▶ The problem
What you return must be exactly the lines from the beginning of the material through the line containing "Maternity Classic Wrap", both included, and no pictures.

Segment Open

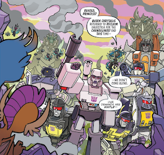 So now we have witnessed each of the Mane Six interact with a Cybertronian counterpart. Some were friends, some were enemies. Fluttershy earned several frenemies! But now it's time to pick up where we started. Chrysalis and Megatron are finally making their play.
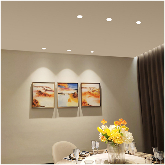 古集照明天悅系列天花燈、洗墻燈、筒燈……各種燈飾型號各司其職,共同造就豐富空間語境,營造出明暗層次、虛實對比的視覺感。不管是客廳、餐廳,還是臥室、書房,采用重點照明+間接照明結合的手法,筑造簡約大方的燈光環境,沒有了繁復花哨的水晶吊燈,天花板也沒有了滿天星一樣的燈光。古集巧用燈光與與建筑內飾的合理搭配,創造出有溫度、有情感、有故事的和諧空間。
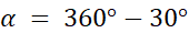 Kąt α ma 330º i razem z kątem 30º tworzą kąt pełny 360º.
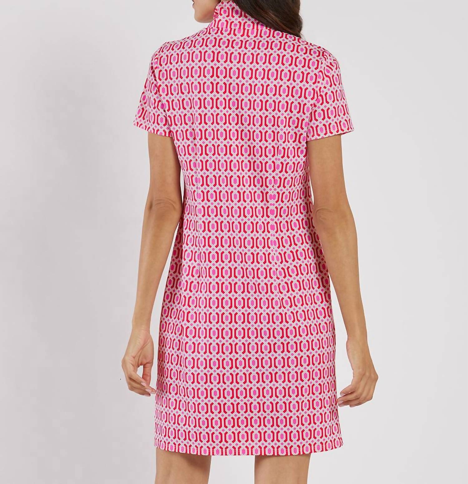 Introducing the Alexia Short Sleeve Mini Dress by Jude Connally, a chic addition to your wardrobe with its figure-flattering design. Crafted from the brand's signature Jude Cloth fabric, this dress offers a geometric pattern in Terrace Geo Peony Pink, exuding minimalist style. With a comfortable slim fit, it features a short sleeve and a sporty quarter zip closure, measuring 35 1/2" from the top of the center back in size small. Made in the USA, this shift silhouette dress is easy to care for; simply machine wash and line dry.
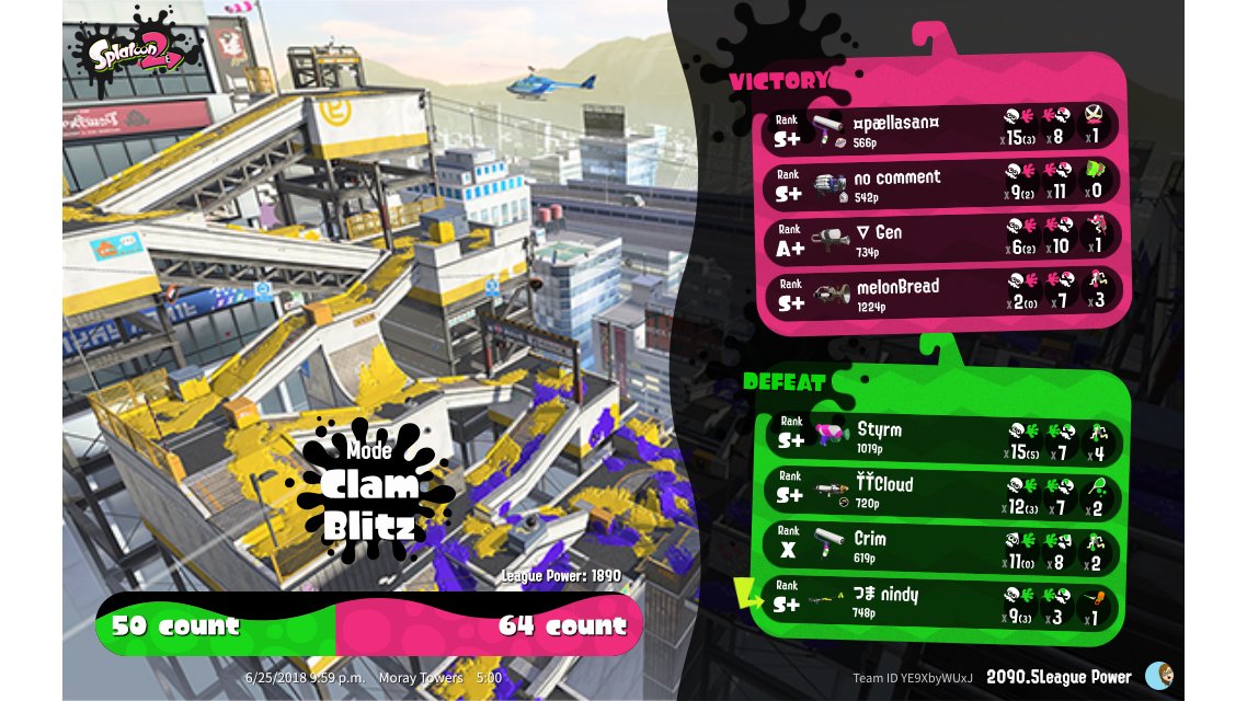 | Mode | Clam Blitz - League Battle (Quad) | |||||||||||||||||||||||||||||||||||||
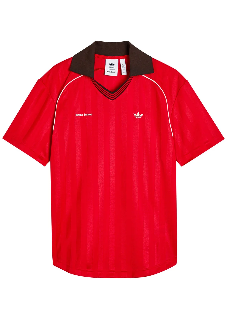 Info & Care Adidas X Wales Bonner jersey;football T-shirt Subtle striped jacquard, contrasting collar, striped neckline, logo embroidery at chest, piped trims Slips on 100% recycled polyester Machine wash Size & Fit Length shoulder to hem: 25 inches/ 63.5cm Midweight Relaxed fit Model is 5'9"/ 175cm and wears a size small;
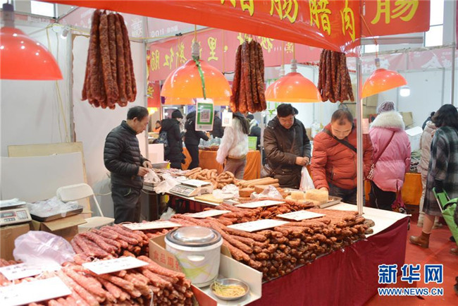 1月8日,消費(fèi)者在內(nèi)蒙古國際會展中心挑選香腸等年貨。新華社記者 王靖 攝
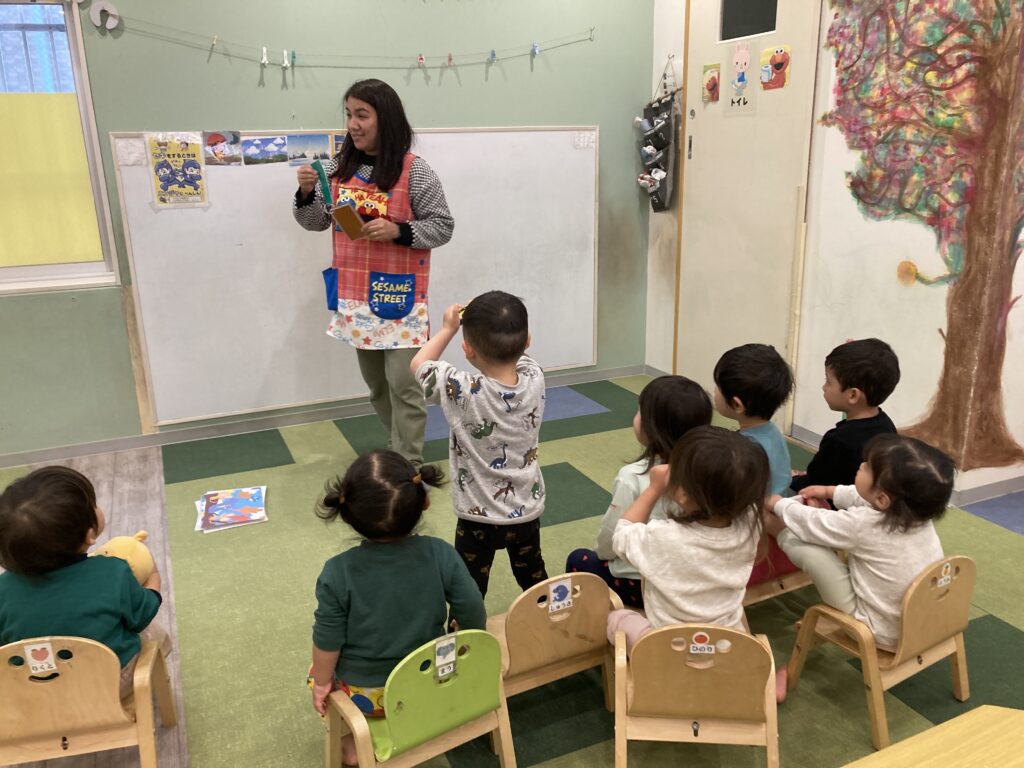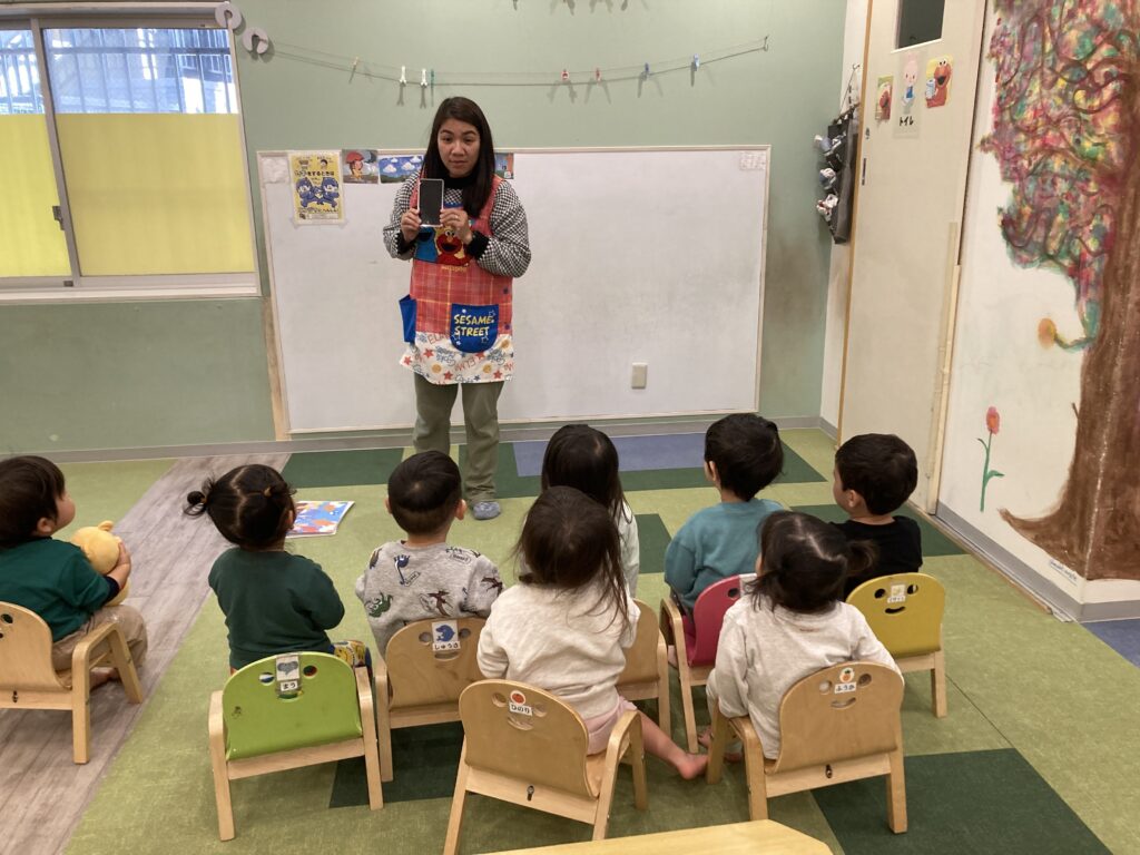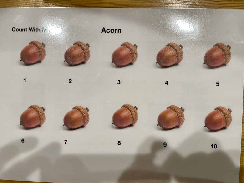 As part of the activity, we recite the colors and sang “I see something Yellow”. I challenge them to find items that has color yellow. Sakura class and Sumire Class was very excited to participate. We also count Acorns from 1-10. They perfectly pronounced the numbers well and sang the song ” How is the weather “song.
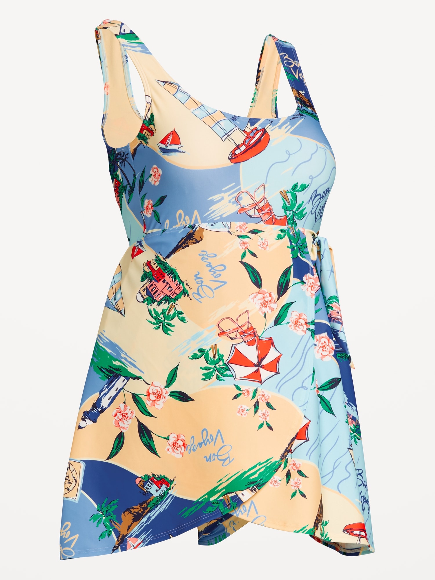 Maternity Classic Wrap Pique Swim Dress: square neck, sleeveless, removable pads, built-in briefs, side-tie, #756110
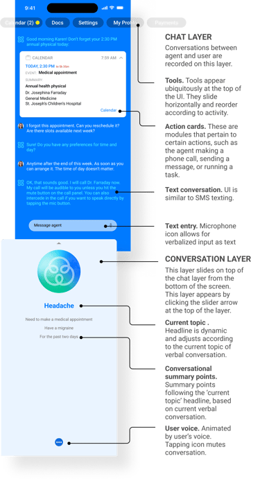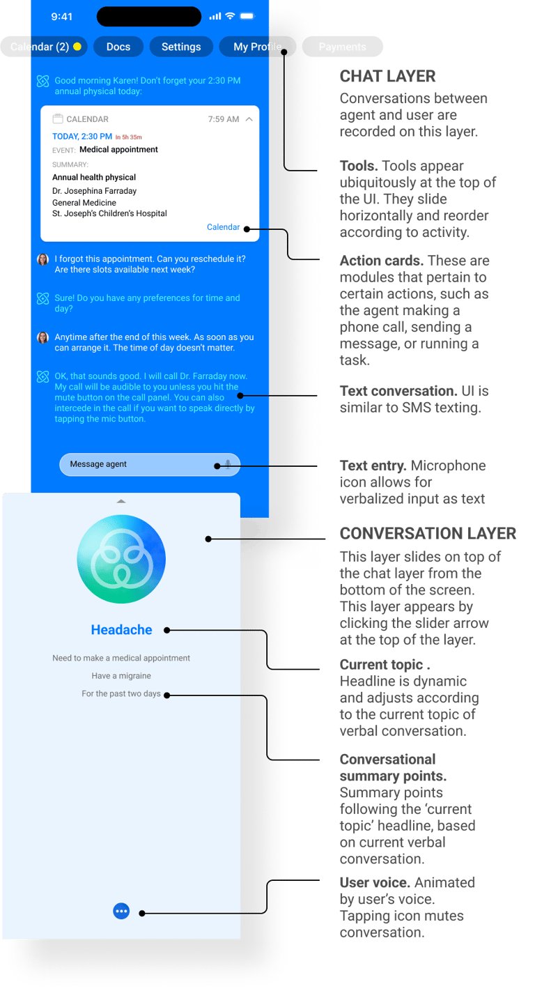 Sutra Sphere's agent UI has two layers: a persistent text chat that logs all interactions, and a dynamic voice interaction layer that slides over it. The voice layer adapts in real time, displaying relevant content based on the conversation. The text chat layer allows for chat input and also serves as a continuous activity log, ensuring all exchanges and activities—spoken or typed—are preserved for reference.
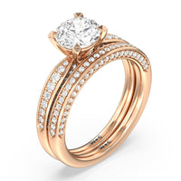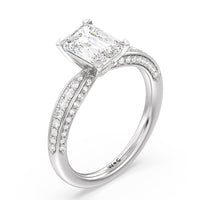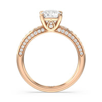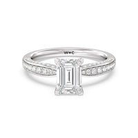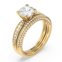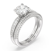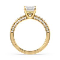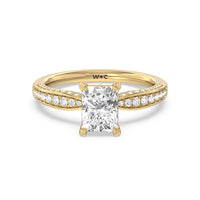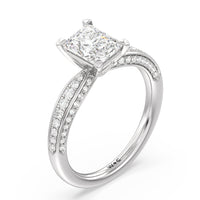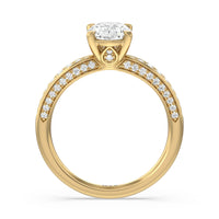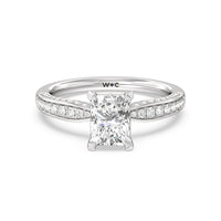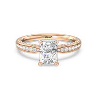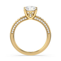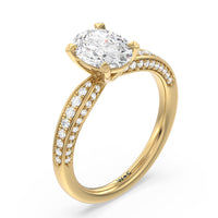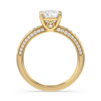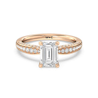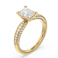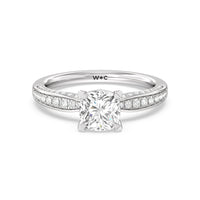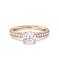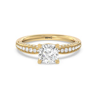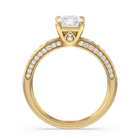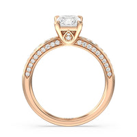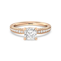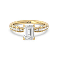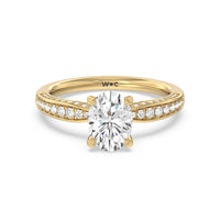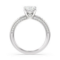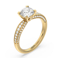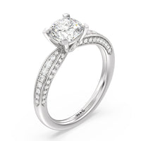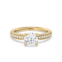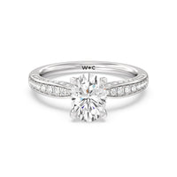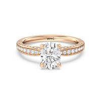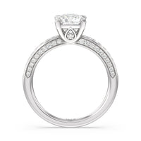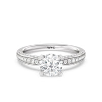 A sparkler displaying the perfect combination of enduring and enchanting. This solitaire has its main gem complemented by a full dose of glitter. The prong head has diamond accents on its side while the shank has its shoulders channel-set with round diamonds, running along all three outer sides.
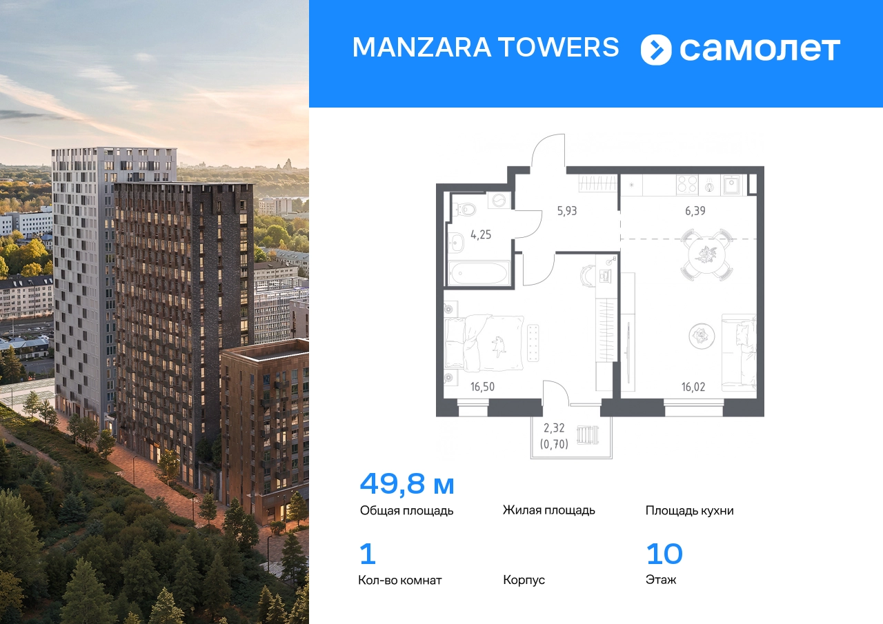Строим кварталы для жизни с заботой о будущем. Предлагается 1-комнатная квартира комфорт-класса 49,79 кв.м в корпусе 5 на 10 этаже, в MANZARA TOWERS Квартира с предчистовой отделкой. Доступность дополнительных опций уточняйте у застройщика. Приобрести квартиру возможно по специальным акциям от застройщика, с текущими условиями акций можно ознакомиться в блоке «Акций». Цена динамическая и может отличаться, уточняйте актуальность у застройщика. Manzara Towers — это дома высотой от 7 до 24 этажей. В увеличенных окнах с зеркальной поверхностью отражаются облака и солнечные блики. Тихий двор с игровыми площадками и воркаут-пространством идеален для прогулок с кофе. На первом этаже есть выход на стилобат, где появятся зеленые оазисы и открытые террасы. Дома соединяет между собой частично прозрачный пешеходный мост. Предусмотрены подземный и 6-этажный многоуровневый паркинги. До ж/д вокзалов можно доехать за 20 минут. Или в обеденный перерыв встретиться с друзьями в центре города — дорога на машине займет около 15 минут. На первых этажах корпусов откроется детская поликлиника, ФОК с бассейном, магазины, кафе и салоны красоты. Для маленьких жителей уже работают 3 детских сада и лицей, до которых можно дойти за 6–15 минут. Во всех наших корпусах входы в светлые лобби находятся на уровне земли. На первом этаже есть специальные места для хранения колясок и велосипедов. #yan19-2r1791977#О застройщике

Segment Closed

▶ Your response
 So now we have witnessed each of the Mane Six interact with a Cybertronian counterpart. Some were friends, some were enemies. Fluttershy earned several frenemies! But now it's time to pick up where we started. Chrysalis and Megatron are finally making their play.
 古集照明天悅系列天花燈、洗墻燈、筒燈……各種燈飾型號各司其職,共同造就豐富空間語境,營造出明暗層次、虛實對比的視覺感。不管是客廳、餐廳,還是臥室、書房,采用重點照明+間接照明結合的手法,筑造簡約大方的燈光環境,沒有了繁復花哨的水晶吊燈,天花板也沒有了滿天星一樣的燈光。古集巧用燈光與與建筑內飾的合理搭配,創造出有溫度、有情感、有故事的和諧空間。
 Kąt α ma 330º i razem z kątem 30º tworzą kąt pełny 360º.
 Introducing the Alexia Short Sleeve Mini Dress by Jude Connally, a chic addition to your wardrobe with its figure-flattering design. Crafted from the brand's signature Jude Cloth fabric, this dress offers a geometric pattern in Terrace Geo Peony Pink, exuding minimalist style. With a comfortable slim fit, it features a short sleeve and a sporty quarter zip closure, measuring 35 1/2" from the top of the center back in size small. Made in the USA, this shift silhouette dress is easy to care for; simply machine wash and line dry.
 | Mode | Clam Blitz - League Battle (Quad) | |||||||||||||||||||||||||||||||||||||
 Info & Care Adidas X Wales Bonner jersey;football T-shirt Subtle striped jacquard, contrasting collar, striped neckline, logo embroidery at chest, piped trims Slips on 100% recycled polyester Machine wash Size & Fit Length shoulder to hem: 25 inches/ 63.5cm Midweight Relaxed fit Model is 5'9"/ 175cm and wears a size small;
 1月8日,消費(fèi)者在內(nèi)蒙古國際會展中心挑選香腸等年貨。新華社記者 王靖 攝
 As part of the activity, we recite the colors and sang “I see something Yellow”. I challenge them to find items that has color yellow. Sakura class and Sumire Class was very excited to participate. We also count Acorns from 1-10. They perfectly pronounced the numbers well and sang the song ” How is the weather “song.
 Maternity Classic Wrap Pique Swim Dress: square neck, sleeveless, removable pads, built-in briefs, side-tie, #756110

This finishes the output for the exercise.